San Antonio Express-News (Sunday)
Nonprofit houses S.A.’s most vulnerable
Most housing developers would balk at the idea of building on land that lacks utilities or may be contaminated, rehabbing homes they can’t resell at a high price and cobbling together enough parcels from different owners to do projects. But the nonprofit San Antonio Alternative Housing Corp. sees opportunities in such challenges.
“We don’t shy away from something … because the important thing is to provide affordable housing,” said John Shaver, a former banker who’s now the housing corporation’s director of real estate development. “We’ve always taken on the more difficult projects.”
For 30 years, the nonprofit has quietly worked to provide rental and ownership housing, as well as support services, to lowincome families in Bexar and Travis counties. It has renovated or built thousands of single-family homes and apartments, primarily for families earning up to 60% of the area median income. Its current portfolio encompasses 786 units.
The leaders of Inner City Development, a nonprofit that offers activities for children and emergency food clothing, created the housing corporation as a standalone entity in 1993 on the organization’s 25th anniversary.
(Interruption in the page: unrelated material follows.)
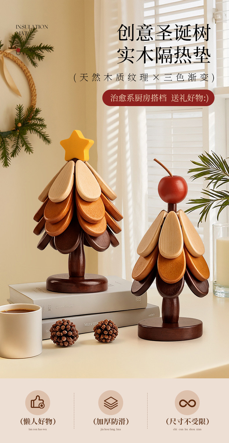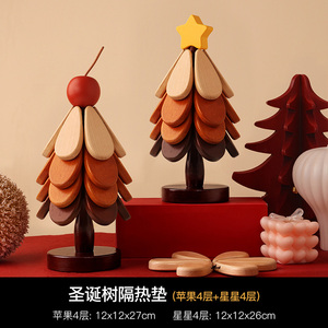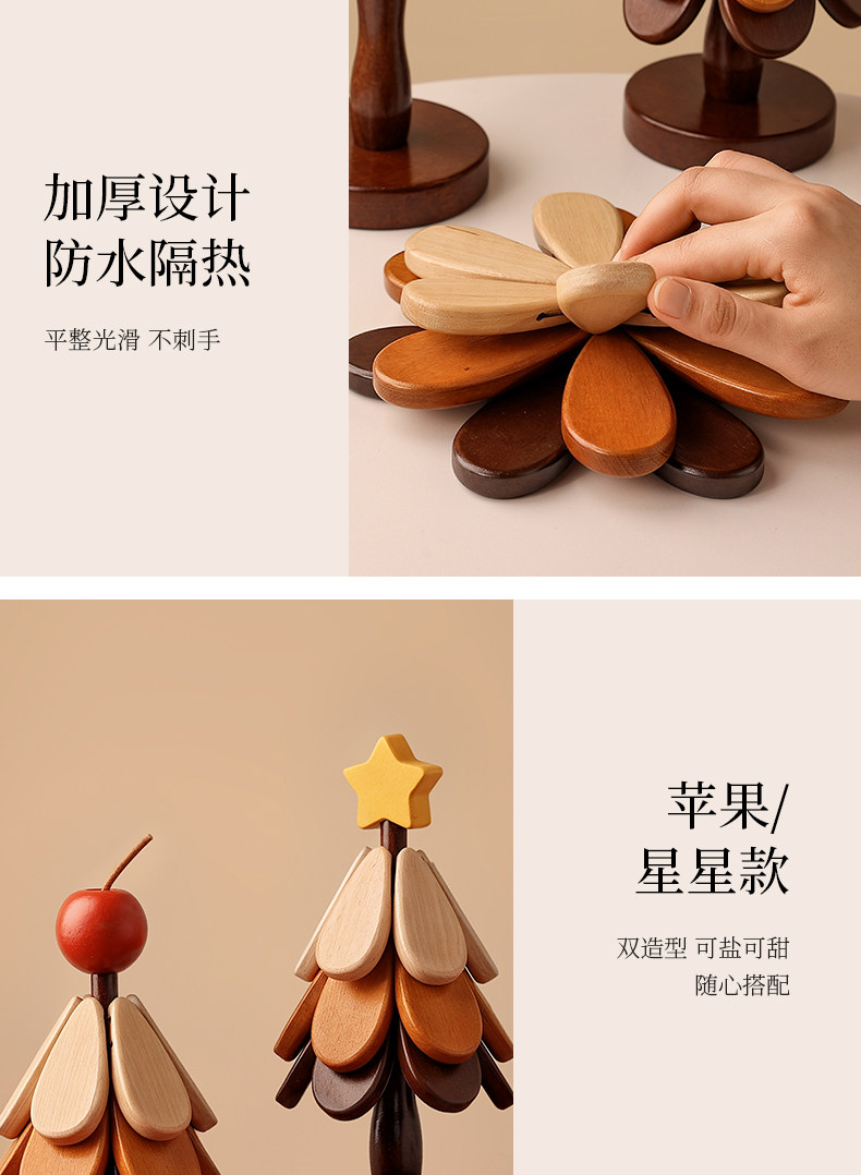 【苹果款】圣诞树隔热垫四层【全实木材质 防烫耐高温】

For years, the housing organization offered a program for first-time buyers struggling to afford homes.
It loaned funds at low interest rates to help cover down payments, fees and closing costs for homes often priced from $85,000 to $110,000. Buyers received homeownership counseling.
But it ended that program because the costs of buying, rehabilitating and reselling homes at affordable prices were becoming too high without getting more subsidies, said Rod Radle, who chairs the housing corporation’s board and has served as
executive director in the past.
The nonprofit shifted its focus to rental housing, renovating and leasing out existing homes and complexes,
and building apartments.
Its board also decided to focus primarily on the near West Side, an area long plagued by poverty
and where its office is located. A surge of development downtown has pushed up home prices and rents in neighborhoods ringing the urban
core, where investors are buying and flipping more homes.